= AIM OF THE EXERCISE =
The material below should be copied line for line, please, with pictures omitted.

= INPUT DATA =

════════════════════

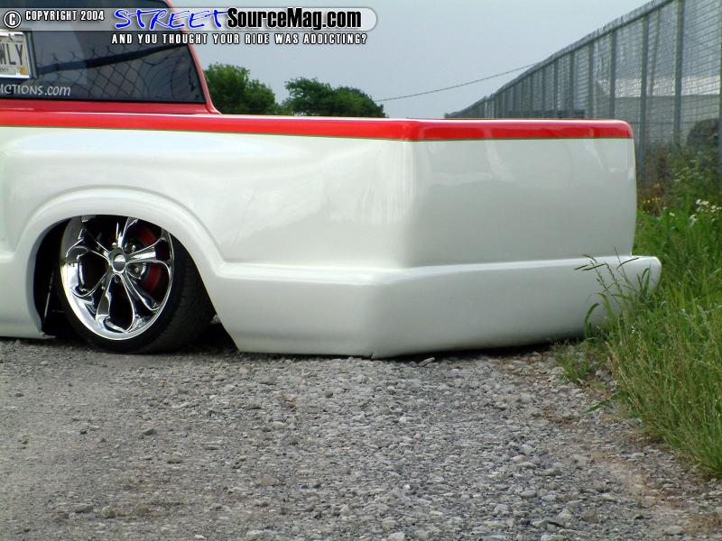 Next Jason would have the front and rear bumpers sectioned and a set of custom steel steps and roll pan welded into place. The doors would be shaved of the door handles and the gas filler door would be welded shut and gas filler moved into the bed. The taillights would be shaved and a set of trailer fenders would be welded in the bed along with the bed being completely sheet metaled for the over all smooth appearance.
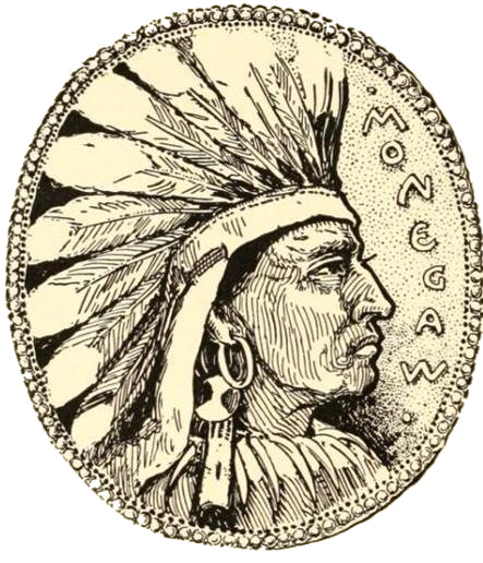 Monegaw first astonished his parents when he was less than two years of age. One day his mother was gathering sticks by the river and the boy, who had learned to walk only a few months previous, was following close behind. While she was reaching up to break a dead branch from a tree, she heard a splash in the river and looked back just in time to see the child disappear from view under the water. When Monegaw came to the surface he did not cry out or appear to be the least frightened, but began smimming rapidly toward the center of the river. Not being able to swim, the mother dropped her armful of sticks and, running to the village a hundred yards distant, gave the alarm to a laggard warrior who had remained, that afternoon, from the hunt. When the brave reached the river bank he beheld the tiny head above the water, far out from shore. He sprang in, swimming with utmost speed. It is said that the child actually reached the opposite shore before he was overtaken and, in crossing the river, had stemmed a current which was all but too much for his pursuer. It might be said that Monegaw's fame in the tribe dated from this singular occurrence.
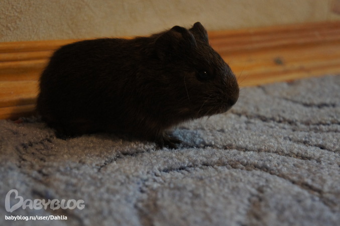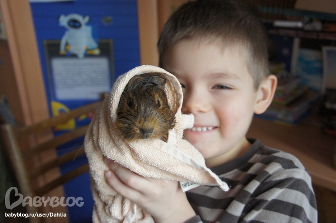4 октября прошлого года мы подвозили моих родителей к дому, припарковались около небольшого газона, вылезая на который мой папа увидел в пожухлой траве, копашашееся сушество, которое шёрсткой сливалось с опилками в перемешку с землёй и травой на которой он сидел. При первом осмотре было не понятно кто это, папа сначала решил что это маленький крысёнок (но длинный голый хвост обнаружен не был), Арсений, сразу же выскочивший из машины, деловито заявил, что это конечно же хомяк (но как примерно выглядят хомяки я видела на картинках в книжке) этот вариант был тоже отметён. И тут мне в голову пришло, что возможно, это есть маленький морской поросёнок. Высказав своё предположение в слух, Арсений стал вокруг меня скакать и кричать: "Мамочка, давай возьмём свинку! Я ОБЕЩАЮ, буду всё за ним убирать, кормить и поить." Ну ребёнок всё-таки просит и обещает проявлять какую-то самостоятельность в заботе о животном, и мне уже очень хотелось пригреть малыша. К слову сказать, я никогда не увлекалась грызунами, не представляла как такого питомца надо брыть что б не укусил, и уже тем более чем кормить и поить, но подумав, решила что знание- не проблема в современном обществе с интернетом.

════════════════════

= RESULT =
 Next Jason would have the front and rear bumpers sectioned and a set of custom steel steps and roll pan welded into place. The doors would be shaved of the door handles and the gas filler door would be welded shut and gas filler moved into the bed. The taillights would be shaved and a set of trailer fenders would be welded in the bed along with the bed being completely sheet metaled for the over all smooth appearance.
 Monegaw first astonished his parents when he was less than two years of age. One day his mother was gathering sticks by the river and the boy, who had learned to walk only a few months previous, was following close behind. While she was reaching up to break a dead branch from a tree, she heard a splash in the river and looked back just in time to see the child disappear from view under the water. When Monegaw came to the surface he did not cry out or appear to be the least frightened, but began smimming rapidly toward the center of the river. Not being able to swim, the mother dropped her armful of sticks and, running to the village a hundred yards distant, gave the alarm to a laggard warrior who had remained, that afternoon, from the hunt. When the brave reached the river bank he beheld the tiny head above the water, far out from shore. He sprang in, swimming with utmost speed. It is said that the child actually reached the opposite shore before he was overtaken and, in crossing the river, had stemmed a current which was all but too much for his pursuer. It might be said that Monegaw's fame in the tribe dated from this singular occurrence.
4 октября прошлого года мы подвозили моих родителей к дому, припарковались около небольшого газона, вылезая на который мой папа увидел в пожухлой траве, копашашееся сушество, которое шёрсткой сливалось с опилками в перемешку с землёй и травой на которой он сидел. При первом осмотре было не понятно кто это, папа сначала решил что это маленький крысёнок (но длинный голый хвост обнаружен не был), Арсений, сразу же выскочивший из машины, деловито заявил, что это конечно же хомяк (но как примерно выглядят хомяки я видела на картинках в книжке) этот вариант был тоже отметён. И тут мне в голову пришло, что возможно, это есть маленький морской поросёнок. Высказав своё предположение в слух, Арсений стал вокруг меня скакать и кричать: "Мамочка, давай возьмём свинку! Я ОБЕЩАЮ, буду всё за ним убирать, кормить и поить." Ну ребёнок всё-таки просит и обещает проявлять какую-то самостоятельность в заботе о животном, и мне уже очень хотелось пригреть малыша. К слову сказать, я никогда не увлекалась грызунами, не представляла как такого питомца надо брыть что б не укусил, и уже тем более чем кормить и поить, но подумав, решила что знание- не проблема в современном обществе с интернетом.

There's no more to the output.